Thomas Wyatt’s biographer, Nicola Shulman, explained that Wyatt was a “filling instrument” in the sense of betraying or defiling the honour of other people, presumably those who died with the Queen. The fact that Wyatt was romantically linked with Anne Boleyn in the past answers the question of why he was imprisoned in May 1536 but doesn’t offer an explanation as to why he was released. Thomas Cromwell rewarded Wyatt with a large sum of £100 in May 1536, a date implicating the poet may have been interrogated and coerced into providing damning details about Anne Boleyn’s circle. Whatever he confessed to the authorities, it is clear that Wyatt felt guilty. His poem was copied into the Devonshire Manuscript, a courtly anthology strongly associated with Mary Howard, Margaret Douglas and Mary Shelton, who were among its most prominent contributors. Did they feel the same? Were they forced to testify against their royal mistress? It seems highly likely because Thomas Cromwell later claimed that Anne Boleyn’s ladies-in-waiting provided damning details, and three of her serving women—Elizabeth Somerset, Countess of Worcester, Nan Cobham and one other unnamed maid—were mentioned in contemporary correspondence as the Queen’s accusers.
John Foxe
At some point during the reign of Edward VI, Mary Howard employed John Foxe as tutor to her nieces and nephews, her wards since her brother’s execution in 1547. Living in the Duchess of Richmond’s household provided ample opportunities to talk about people associated with spreading the good religious works during Henry VIII’s reign. Anne Boleyn was seen by her enemies as “the cause and principal nurse” of spreading “heresies” in England.[3] Although Anne’s personal faith is still a matter of debate among historians, it is certain that she was anti-papal, keen on reforming the Church from within and eager to promote reading the Bible in the vernacular. In his Actes and Monuments (best known as The Book of Martyrs), John Foxe recorded that Mary Howard was one of Anne Boleyn’s “chief and principal” ladies-in-waiting and was thus well acquainted with the Queen’s daily doings. When compiling materials for his book, Foxe talked to Mary Howard, who recalled “how Her Grace carried ever about her a certain little purse, out of which she was wont daily to scatter abroad some alms to the needy, thinking no day well spent wherein some man had not fared the better by some benefit at her hands.”[4]
Mary Howard's handwriting
Foxe’s book also contains a rich description of Princess Elizabeth’s christening on 10 September 1533, and this event was most likely related to him by Mary Howard, who carried a rich chrism of pearl and stone. The fact that Mary Howard kept these memories alive proves that she cherished them, and perhaps Mary’s early religious views were shaped by Anne Boleyn’s religious tendencies. Mary had not only sheltered the Protestant John Foxe, but also read the Bible in the vernacular and enjoyed debating its contents with like-minded individuals so much so that her elder brother, the Earl of Surrey, warned her about “going too far in reading the Scripture”.[5] Anne Boleyn had famously encouraged her ladies to read the New Testament translated by William Tyndale, which she held wide open at her desk, and it is possible that Mary began to develop her own religious views under Anne’s wing. 

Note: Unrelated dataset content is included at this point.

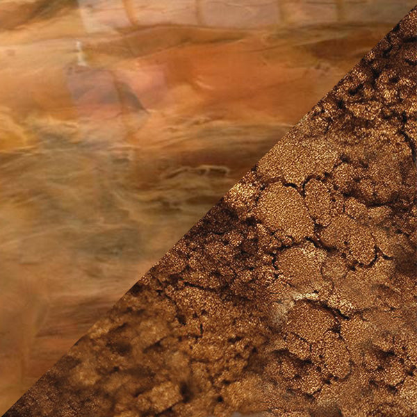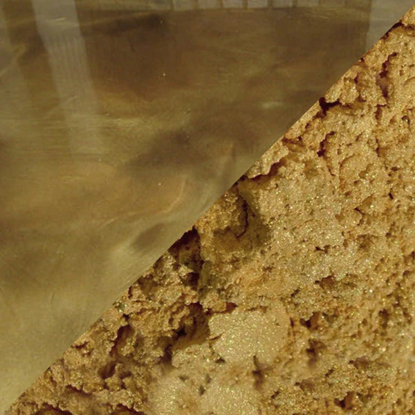 Metallic Powder Reflections Pigments composed of mica nano- particles coated with various organic and inorganic pigments to create pearlescent and iridescent effects that mimic the natural look of stone and rock formations.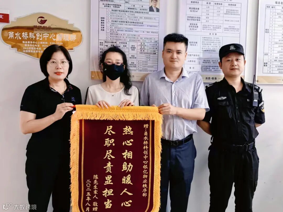 近日,一面写着 “热心相助暖人心,尽职尽责显担当” 的锦旗,被郑重送到银亿物业甬水桥科创中心园区保安团队手中。这面鲜红的锦旗背后,藏着一段 40℃高温下守护八旬老人生命安全的暖心故事,字里行间皆是责任与温情。

Mary left court, probably in the summer of 1536, and did not join the household of Henry VIII’s new wife, Jane Seymour. It may be that Mary voluntarily shunned court after Anne’s execution, although the arrest of her half uncle, Thomas Howard, and the death of her young husband, Henry Fitzroy, in the summer of 1536 certainly influenced her decision. 




[1] John Foxe, Book of Martyrs: The Actes and Monuments of the Church, Volume 2, p. 372.
[2] Nicola Shulman, Graven with Diamonds, p. 195.
[3] Letters and Papers, Volume 10, n. 601.
[4] John Foxe, Book of Martyrs: The Actes and Monuments of the Church, Volume 2, p. 372.
[5] Letters and Papers, Volume 21 Part 1, n. 769.